**Problem description**
Starting at the line with "圖3所示為透水混凝土的內(n" and stopping at the final line, retype the data below exactly; do not carry over any pictures.

──────── Records supplied ────────

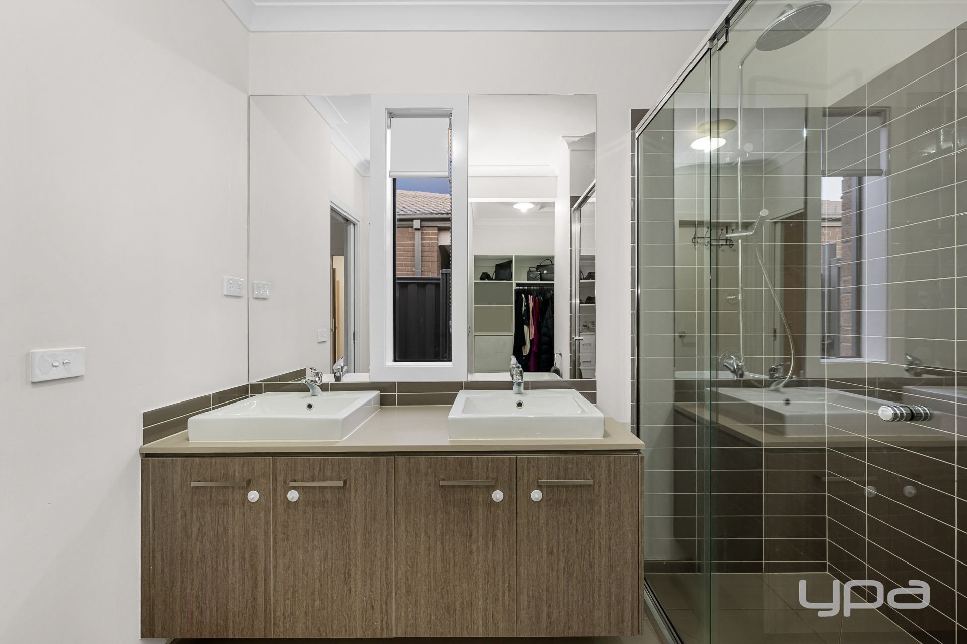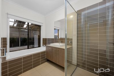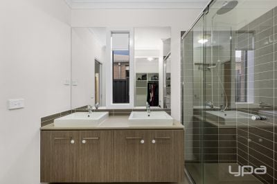 • Master bedroom showcases a ceiling fan, walk-in wardrobe and ensuite with stone bench top and double vanity
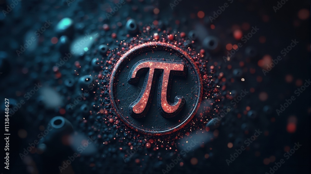 Pi symbol shining over dark abstract surface with red particles #1138448627
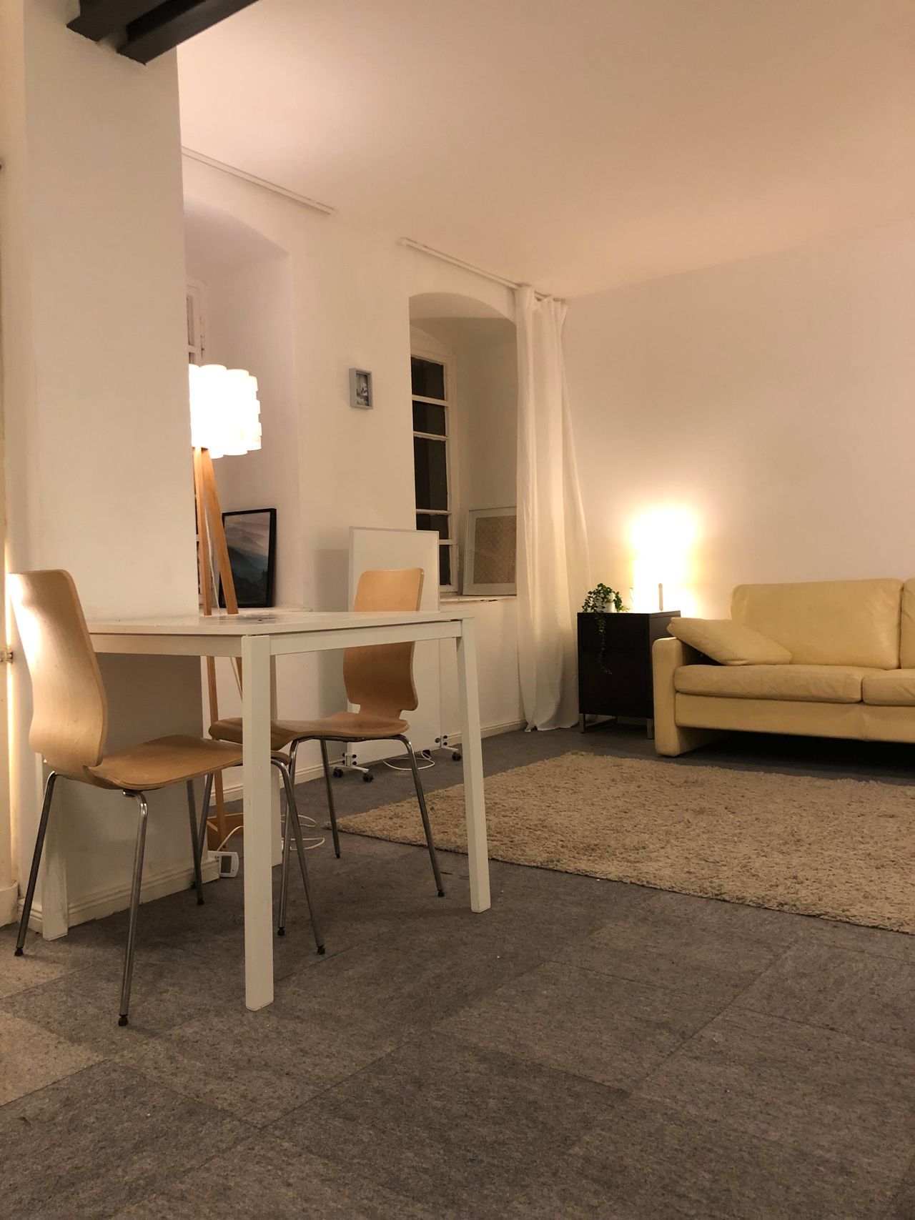 Beautiful 1-Room Apartment in Kreuzberg It is fully furnished with all necessities such as plates and duvet etc. WiFi and electricity etc is of course included. The flat is a very cool historic building truly is something special!
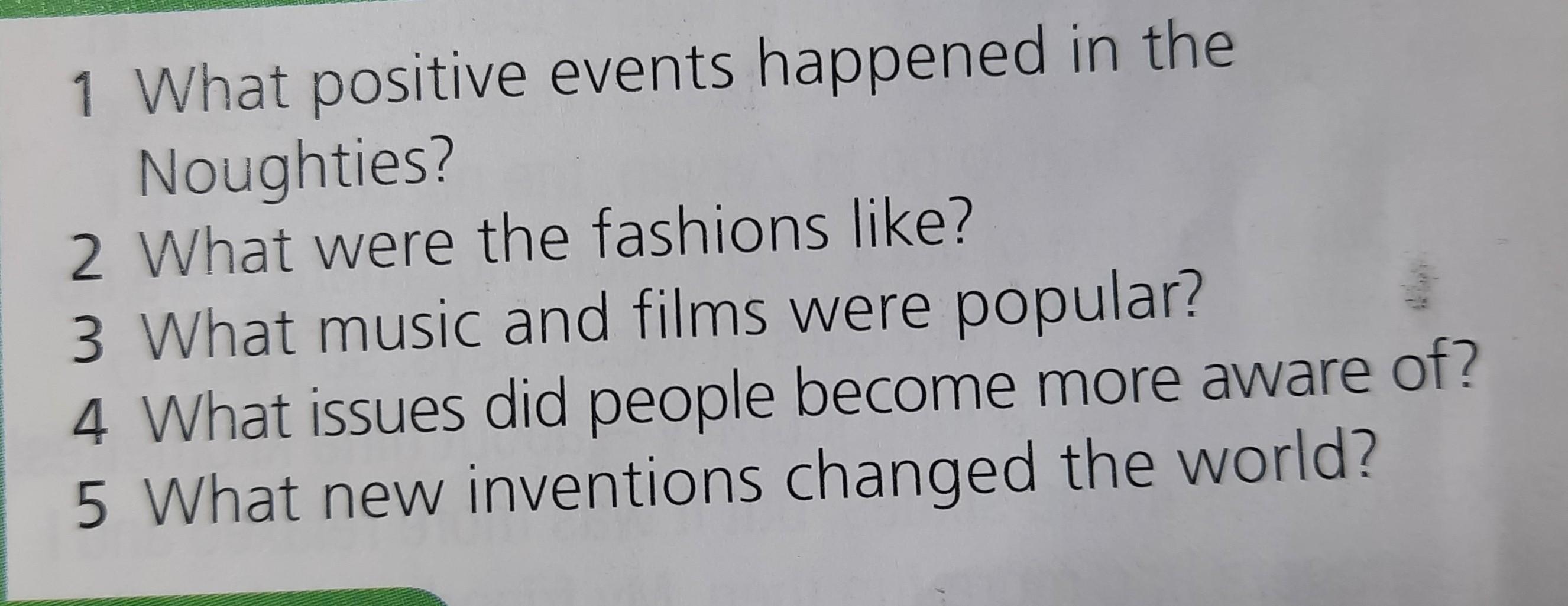 B THINK AND PLAN 1 What positive events happened in the Noughties? 2 What were the fashions like? 3 What music and films were popular? 4 What issues did people become more aware of? 5 What new inventions changed the world?
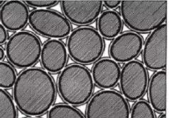 圖3所示為透水混凝土的內(nèi)部孔結(jié)構(gòu)模型。由圖可知,骨料間的交接點(diǎn)在透水混凝土受力時(shí)傳遞力的作用,粗骨料界面間的水泥漿體膠結(jié)面相對(duì)較小,且水泥膠結(jié)層很薄,該區(qū)域成為透水混凝土的力學(xué)性能裂化區(qū),所以保證透水混凝土的孔隙率,提高膠結(jié)層強(qiáng)度、增加交接點(diǎn)的面積成為提高透水性混凝土強(qiáng)度及抗凍耐久性的關(guān)鍵[1,20]。
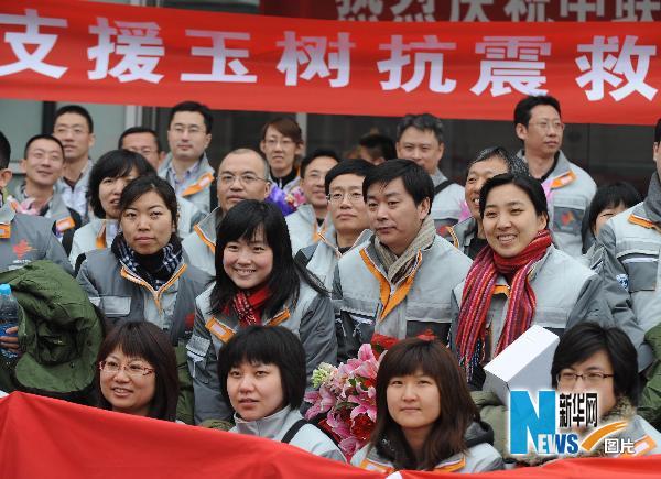 4月15日,醫療隊員臨行前在北京南苑機場合影。當日,北京第一批急救醫療隊趕赴青海玉樹地震災區開展救援。急救醫療隊由來自北京大學第一醫院、北京大學第三醫院、北京大學人民醫院、北京積水潭醫院、北京朝陽醫院、北京兒童醫院和北京急救中心的60余名醫護人員組成,包括臨床骨科、普外、腦外、腎內、胸外等專業,同時攜帶近8噸的急救物資和生活用品。新華社記者李文攝

────────

**Response to the exercise**
 圖3所示為透水混凝土的內(nèi)部孔結(jié)構(gòu)模型。由圖可知,骨料間的交接點(diǎn)在透水混凝土受力時(shí)傳遞力的作用,粗骨料界面間的水泥漿體膠結(jié)面相對(duì)較小,且水泥膠結(jié)層很薄,該區(qū)域成為透水混凝土的力學(xué)性能裂化區(qū),所以保證透水混凝土的孔隙率,提高膠結(jié)層強(qiáng)度、增加交接點(diǎn)的面積成為提高透水性混凝土強(qiáng)度及抗凍耐久性的關(guān)鍵[1,20]。
 4月15日,醫療隊員臨行前在北京南苑機場合影。當日,北京第一批急救醫療隊趕赴青海玉樹地震災區開展救援。急救醫療隊由來自北京大學第一醫院、北京大學第三醫院、北京大學人民醫院、北京積水潭醫院、北京朝陽醫院、北京兒童醫院和北京急救中心的60余名醫護人員組成,包括臨床骨科、普外、腦外、腎內、胸外等專業,同時攜帶近8噸的急救物資和生活用品。新華社記者李文攝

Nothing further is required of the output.